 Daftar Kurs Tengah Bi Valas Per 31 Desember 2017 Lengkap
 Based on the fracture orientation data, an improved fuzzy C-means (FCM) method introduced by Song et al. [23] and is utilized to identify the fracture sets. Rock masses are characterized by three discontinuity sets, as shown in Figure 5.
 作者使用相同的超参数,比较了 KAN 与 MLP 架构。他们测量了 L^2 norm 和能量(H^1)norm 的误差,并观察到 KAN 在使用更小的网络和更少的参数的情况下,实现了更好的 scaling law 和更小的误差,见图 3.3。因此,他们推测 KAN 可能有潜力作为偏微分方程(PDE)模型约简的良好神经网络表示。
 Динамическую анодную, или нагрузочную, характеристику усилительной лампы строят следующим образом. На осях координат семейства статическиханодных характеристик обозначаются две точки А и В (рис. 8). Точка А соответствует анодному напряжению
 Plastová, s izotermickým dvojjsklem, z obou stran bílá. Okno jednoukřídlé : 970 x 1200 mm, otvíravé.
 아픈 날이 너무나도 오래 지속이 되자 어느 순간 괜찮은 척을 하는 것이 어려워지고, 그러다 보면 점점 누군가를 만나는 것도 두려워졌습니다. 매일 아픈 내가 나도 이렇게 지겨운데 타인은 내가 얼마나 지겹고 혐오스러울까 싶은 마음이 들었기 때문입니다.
...
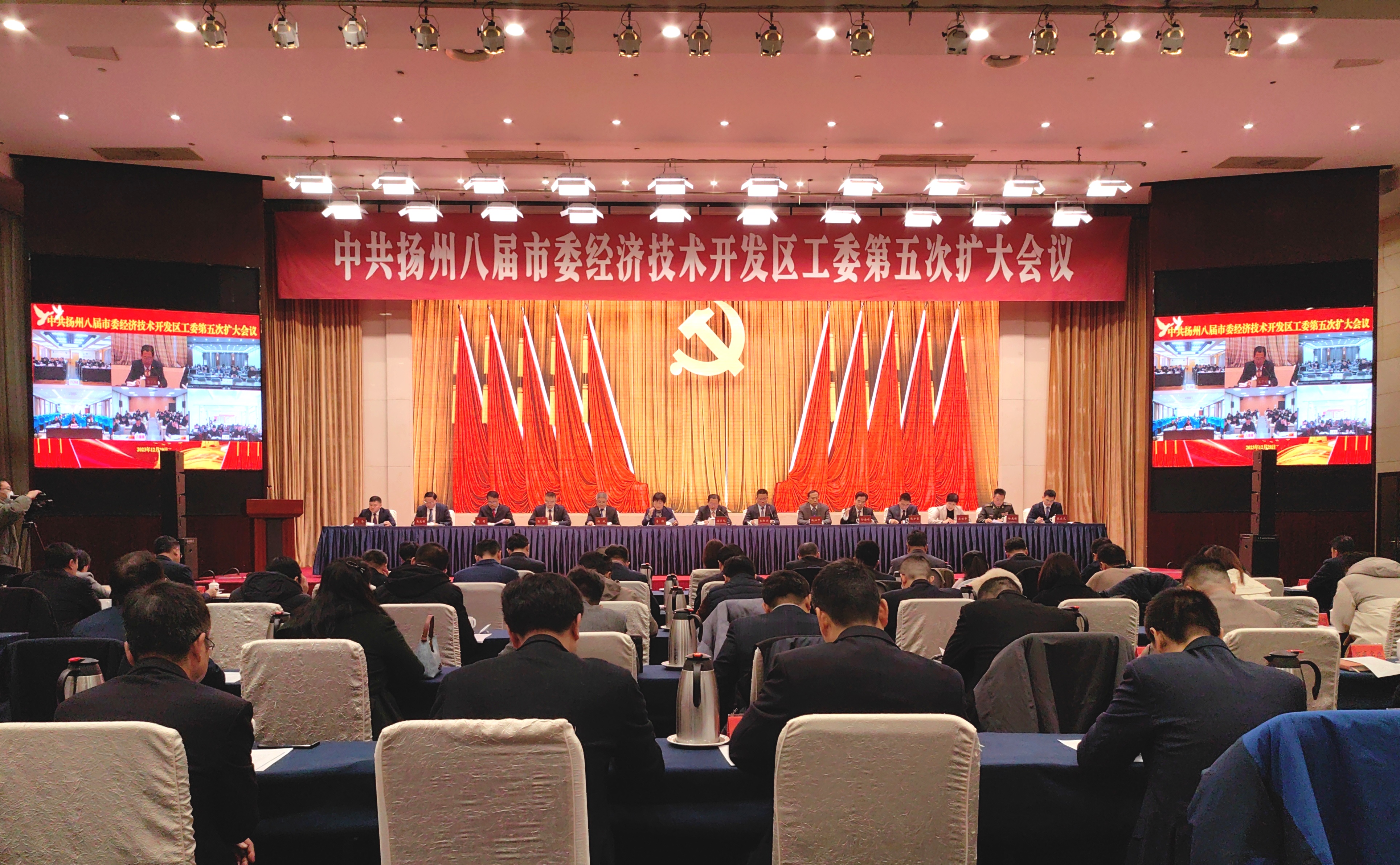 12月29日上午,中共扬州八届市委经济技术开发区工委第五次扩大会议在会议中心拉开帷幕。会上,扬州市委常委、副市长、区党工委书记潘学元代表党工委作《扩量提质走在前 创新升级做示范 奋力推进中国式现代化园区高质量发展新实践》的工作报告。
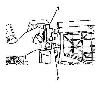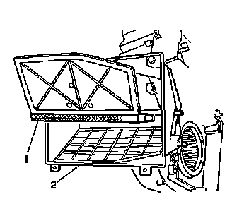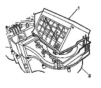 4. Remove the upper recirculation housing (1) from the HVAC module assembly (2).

TASK TO CARRY OUT
The required output is every line above from the one with "Plastová, s izotermickým" down to the one with "아픈 날이 너무나도 오래", restated word for word, ends included.

TASK ANSWER
 Plastová, s izotermickým dvojjsklem, z obou stran bílá. Okno jednoukřídlé : 970 x 1200 mm, otvíravé.
 아픈 날이 너무나도 오래 지속이 되자 어느 순간 괜찮은 척을 하는 것이 어려워지고, 그러다 보면 점점 누군가를 만나는 것도 두려워졌습니다. 매일 아픈 내가 나도 이렇게 지겨운데 타인은 내가 얼마나 지겹고 혐오스러울까 싶은 마음이 들었기 때문입니다.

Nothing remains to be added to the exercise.